USF Information Science Blog

Coding and Statistics work for the University of South Florida. Completed by Alina Hagen


Module # 11 assignment

The code essentially sets up an additive model to analyze the effect of the treatment (treat), the period of administration (period), and individual differences between subjects (subject) on the VAS scores. The attach() function allows us to reference ashina column names without specifying ashina$ each time. This additive model is designed to capture the effects of the treatment, period, and subject (individual differences) on the VAS score.

(Intercept): This is the baseline level (subject 1) when treat and period are set to their baseline levels. The estimate of -113.06 suggests a VAS score starting point (when all factors are at baseline) and is significantly different from zero (Pr(>|t|) < 0.001).
Subject Coefficients (subject2, subject3, etc.): These represent the difference in VAS score for each subject relative to the baseline subject (subject1). For instance:

  • subject2 has a coefficient of 51.50, indicating that their VAS score is expected to be 51.50 higher than the baseline (subject1) after controlling for other factors. However, this estimate is not statistically significant (Pr(>|t|) = 0.190721).
  • Significant values have stars (e.g., subject3, subject4, etc.), indicating that these subjects’ VAS scores are significantly different from the baseline.

Treat: The treatment effect shows that moving from the placebo (coded as 0) to the active treatment (coded as 1) decreases the VAS score by -42.87. This effect is statistically significant (Pr(>|t|) = 0.005491), meaning the active treatment is likely effective in reducing the VAS score compared to placebo.
Period: This coefficient has NA for its estimate, standard error, t-value, and p-value. This suggests singularity, which occurs when there is perfect multicollinearity—meaning one or more predictor variables can be exactly predicted from others in the model. Here, period is likely collinear with other factors (like subject or treat), so it cannot be estimated separately. This often happens in repeated measures data where the model is over-specified.

Model Summary:
Residual standard error: This is the average distance that the observed VAS scores fall from the model’s predicted scores.
Multiple R-squared (0.7566): This indicates that approximately 75.66% of the variance in VAS scores is explained by the model.
Adjusted R-squared (0.4969): This adjusts for the number of predictors in the model. Here, it’s quite a bit lower, indicating that some predictors may not be adding substantial explanatory power.
F-statistic and p-value: The F-test evaluates the overall significance of the model. A p-value of 0.02229 indicates that, overall, the model fits the data better than a model with no predictors.

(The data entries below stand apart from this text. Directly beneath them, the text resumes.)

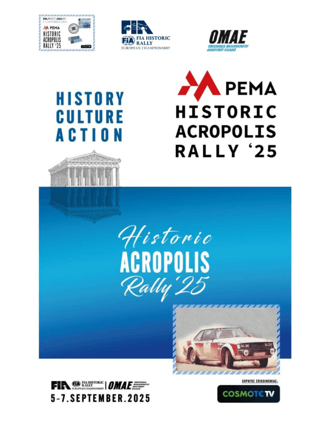Το PEMA Ιστορικό Ράλλυ Ακρόπολις έρχεται από τις 5 έως τις 7 Σεπτεμβρίου με 13 Ειδικές Διαδρομές. Χορηγός ονομασίας του φετινού Ιστορικού Ράλλυ Ακρόπολις είναι η εταιρεία PEMA.
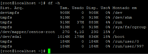 digitando o comando “df-h” veremos que a partição alterou seu tamanho de 27G para 47G(nesse exemplo).
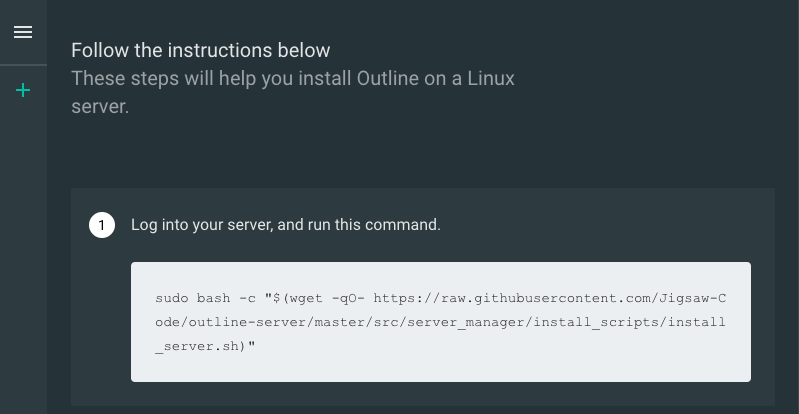 bash -c "$(wget -qO- https://raw.githubusercontent.com/Jigsaw-Code/outline-server/master/src/server_manager/install_scripts/install_server.sh)"
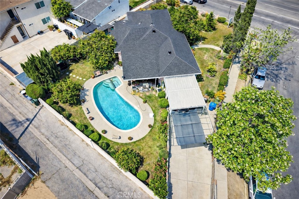 Well sought after North Hollywood area. Property is a corner lot with huge lot. Features: 3 BR, 2BA, DA, central air and heat, hardwood floors and tie floors, kitchen has granite countertops. Bathrooms have been remodeled. Garage was converted to a family room done with permits and has a carport. Huge backyard has patio and inviting pool great for entertainment.
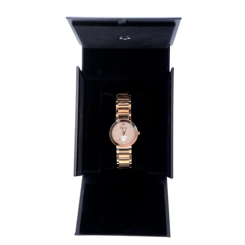 It’s time to shine with this Minnie Mouse Icon watch. Crafted in rose gold design by renowned watchmakers Bulova, this timepiece is as decorative as it is functional, with Minnie Mouse remining you that there’s magic at all times.
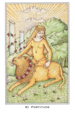 This card carries the number 11. In the Rider-Waite deck, Strength and Justice have swapped places because Waite saw links with the astrological signs Leo and Libra.
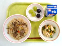 ・焼きビーフン・わかめサラダ・ぶどうの食べ比べ・牛乳
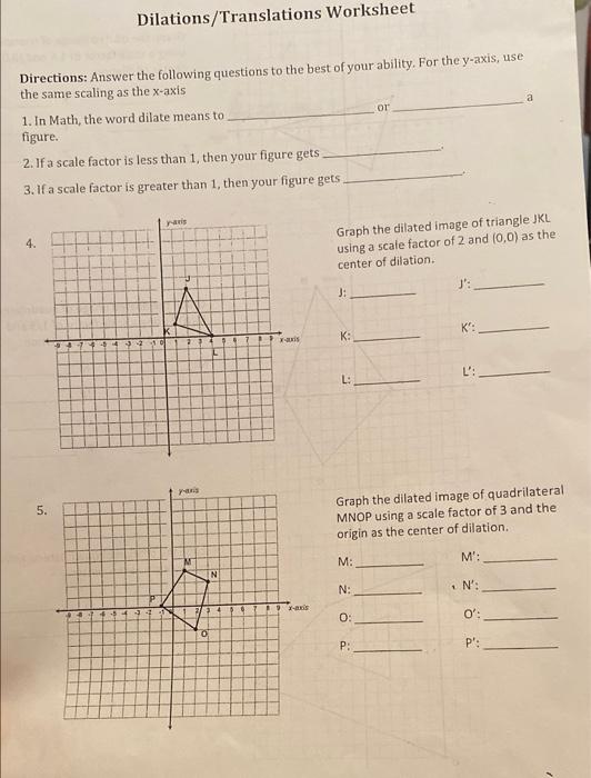 Translations Worksheet Answer Key Dilations And Translation Answer Key Worksheets - K12 Workbook. *Click on Open button to open and print to worksheet. 1. Dilations/TranslationsWorksheet 2. Geometry Dilations Name: 3. Dilations Date Period 4. Graph the image of the figure using the transformation given. 5.
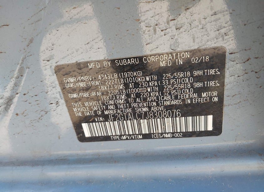 - VIN: JF2GTALC7J8308076
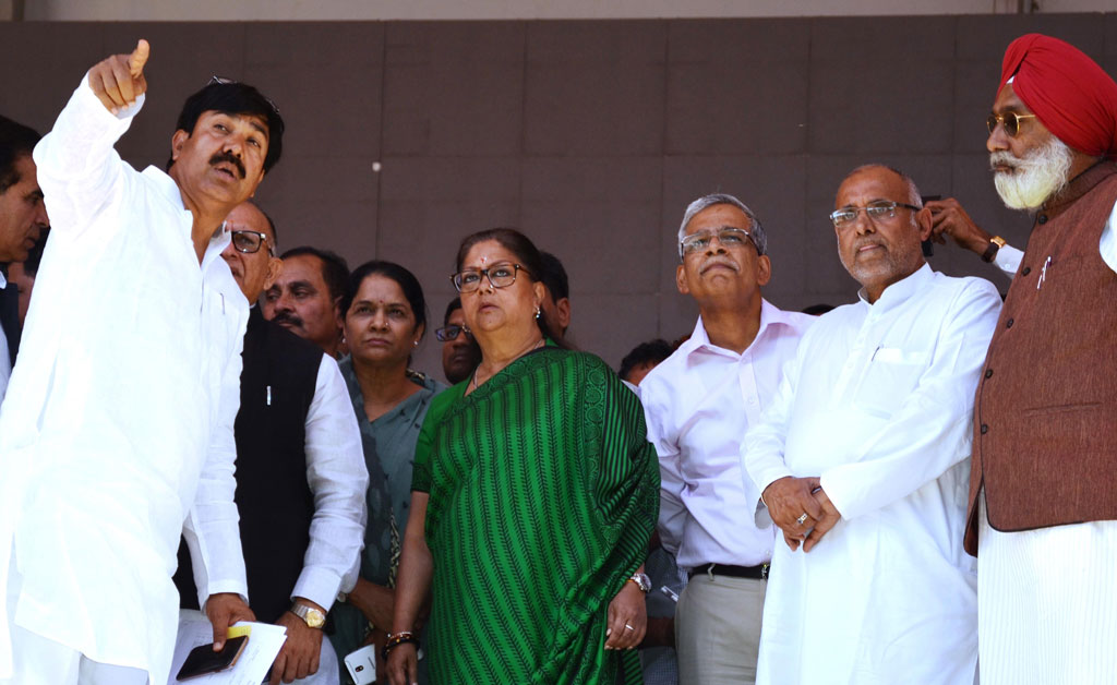 श्रीमती राजे ने आयोजन व्यवस्था का बारीकी से निरीक्षण किया। सार्वजनिक निर्माण तथा परिवहन मंत्री श्री यूनुस खान ने मुख्यमंत्री को पाण्डाल व्यवस्था, बैठक व्यवस्था एवं आयोजन की अन्य तैयारियों के बारे में जानकारी दी।
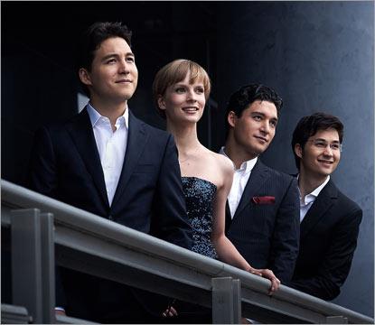Among the ensemble’s formative experiences were their studies with the Alban Berg Quartet in Cologne and with Günther Pichler at the Escuela Superior de Reina Sofia in Madrid. Chamber music instruction by the Cherubini Quartet’s Harald Schoneweg was an important source of inspiration during the quartet’s early days, as was the artistic collaboration with Eberhard Feltz. Among the ensemble’s chamber music partners are renowned artists such as Menahem Pressler, Henri Sigfridsson, Sabine Meyer, Nils Mönkemeyer, Diemut Poppen, Nicolas Altstaedt and David Orlowsky.
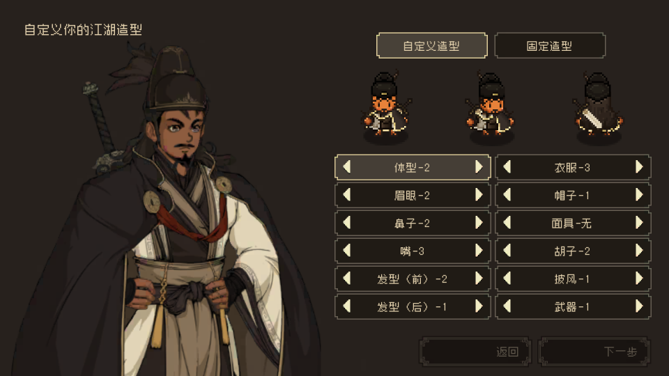 2、你可以自定义你的江湖造型,然后点击下一步;

T-value: This is the calculated t-statistic, which measures the difference between the means relative to the variability in the data. A larger absolute t-value indicates a larger difference between the two groups.
P-value: A p-value of 0.005644 suggests that this difference is statistically significant at the 0.05 level (and even at the 0.01 level), meaning we reject the null hypothesis that there is no difference between the two treatments.
Confidence Interval: This confidence interval shows the range within which the true mean difference is likely to fall 95% of the time. Since both bounds of the interval are negative, this further indicates that the active treatment is associated with a reduction in VAS scores compared to the placebo.
Mean Difference: The mean difference between vas.active and vas.plac is -42.875. This aligns with the treatment effect in the linear model output, where the coefficient for treat was also around -42.87, indicating consistency between the two analyses.

Comparison between the t.tests and lm() models:
The paired t-test provides a direct comparison between the active and placebo treatments, while the additive model (from lm) also considers individual subject differences and the period of treatment. Both methods show a similar treatment effect, but the additive model gives additional insights by accounting for these extra factors.

These matrices show how each term (main effects and interaction) is represented in the design matrix for the respective model. The difference between ~ a * b and ~ a : b lies in which terms are included in the model:

~ a * b

  • This shorthand expands to ~ a + b + a:b.
  • It includes:
    • Main effects for both a and b (individual contributions of a and b to the response variable).
    • Interaction effect a:b (the combined effect of specific levels of a and b).
  • This formulation is useful when you want to assess both the independent effects of each factor and how they interact with each other.

~ a : b

  • This includes only the interaction term a:b.
  • It does not include main effects for a or b individually.
  • This model assumes that the effect of a and b on the response variable exists only through their interaction. It does not model the individual effects of a and b separately.

Model z ~ a * b: This is a more comprehensive model, including both main effects and interaction terms. It avoids singularities and allows for independent interpretation of each factor and their combined effects. Although none of the terms are statistically significant here, the model structure is more flexible and interpretable.

Model z ~ a : b: This model only includes the interaction between a and b without main effects, which led to a singularity (NA for a2:b2). It’s less robust and restricts interpretation, making it harder to assess the individual contributions of a and b.